Para entender melhor as implicações que a presença dessas empresas traz para o
nosso país vale dizer que, desde 1996 as filiais dessas empresas mandam dólares
para fora do país sobre a forma de lucro e dividendos, e não são recolhidos impostos
sobre esses valores. A isenção que essas empresas têm do Imposto de Renda e da
Contribuição Social sobre o Lucro Liquido (CSLL), significaram uma renuncia fiscal no
valor de aproximadamente 6,7 bilhões de dólares (um valor próximo de R$ 14,5
bilhões, segundo a cotação do dólar em 2006) no período de 2002 a 2006. Esse valor
equivale, por exemplo, a praticamente todo o orçamento do Ministério da Educação no
ano de 2005, ou à construção de mais de 400 mil moradias populares no custo de
aproximadamente de R$ 30 mil cada. (dados do Jornal Brasil de Fato ed. 181, de 17 a
23 de agosto de 2006).

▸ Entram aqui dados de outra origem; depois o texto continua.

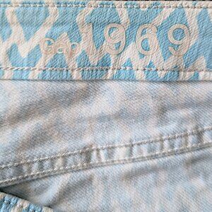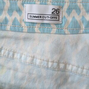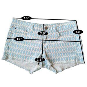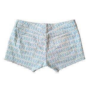 Gap Summer Cut-Off Shorts in their dockside blue colorway, a light blue and white geometric pattern. Denim jean material with frayed hems and some stretch. Front and back pockets, belt loops, zipper fly with button. Size 26" waist (equivalent to a 2). 98% cotton, 2% spandex
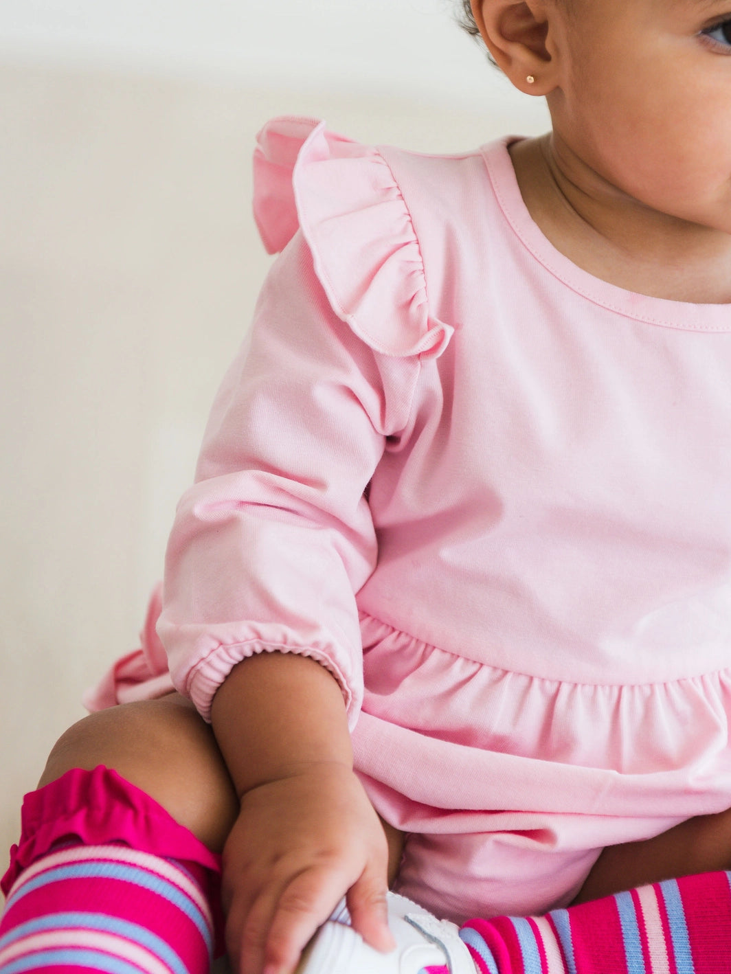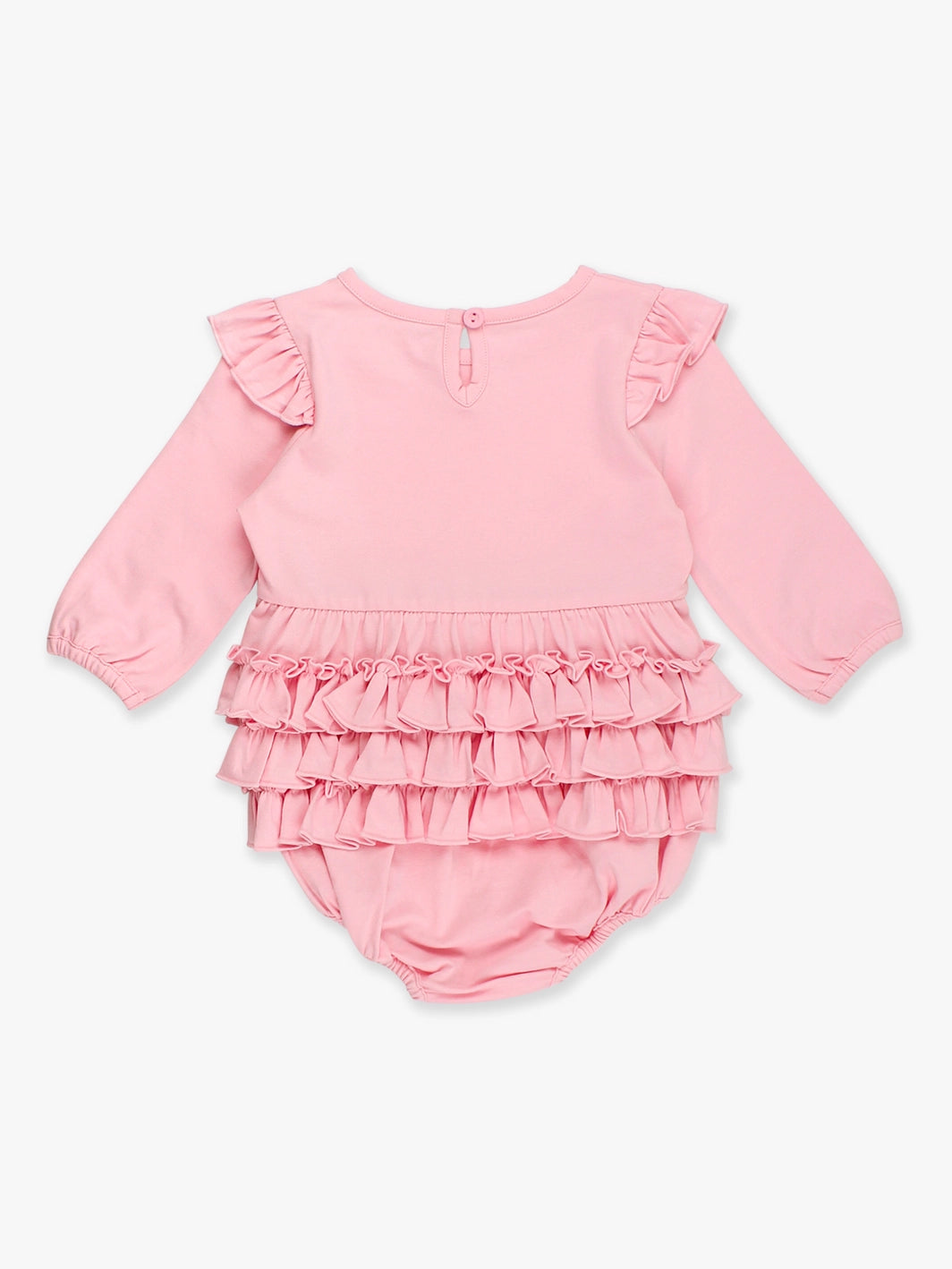 Pink Knit Long Sleeve Flutter Bubble Romper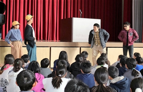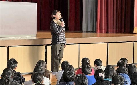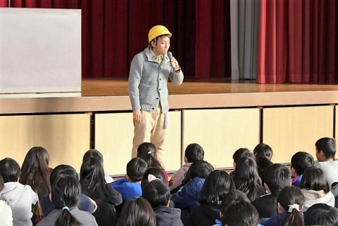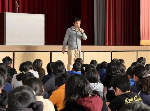 冷たさを感じる朝の体育館の中で、シーンと静かに待つ全校児童。冬休みを前にうきうきした気持ちをおさえ、落ち着いた態度で、冬休み前集会がスタートしました。校長先生からは、「ありがとう」という言葉、感謝の気持ちを大切に年末年始も、これからも過ごしてほしいというお話がみんなへ贈られました。その後、西崎先生から冬休みの過ごし方についてお話がありました。特にお年玉など高額なお金を小学生でも手にすることがあるため、先生方による寸劇をもとに事件に巻き込まれないための方法を再確認しました。さらに山本先生から交通安全に関わるお話があり、自転車でのヘルメット着用の大切さを実演をもとに教えてもらいました。集会の最後には、夏休みの募集作品で優秀であった児童の表彰もありました。

Então, o caso é esse, essas empresas aqui se instalam,
exploram nossos recursos, nos deixam com os danos ambientais e sociais, e não
contribuem com impostos que poderiam ser usados para a melhoria da condição de
vida dos brasileiros.
No entanto, para além dos prejuízos ambientais, sociais e econômicos que essas
empresas nos deixam, um fato extremamente relevante, é o controle ideológico que
elas se empenham em construir. A imagem de empresas sustentáveis e responsáveis
vendida por elas, oculta suas reais ações, e convertem o jogo de forças existente.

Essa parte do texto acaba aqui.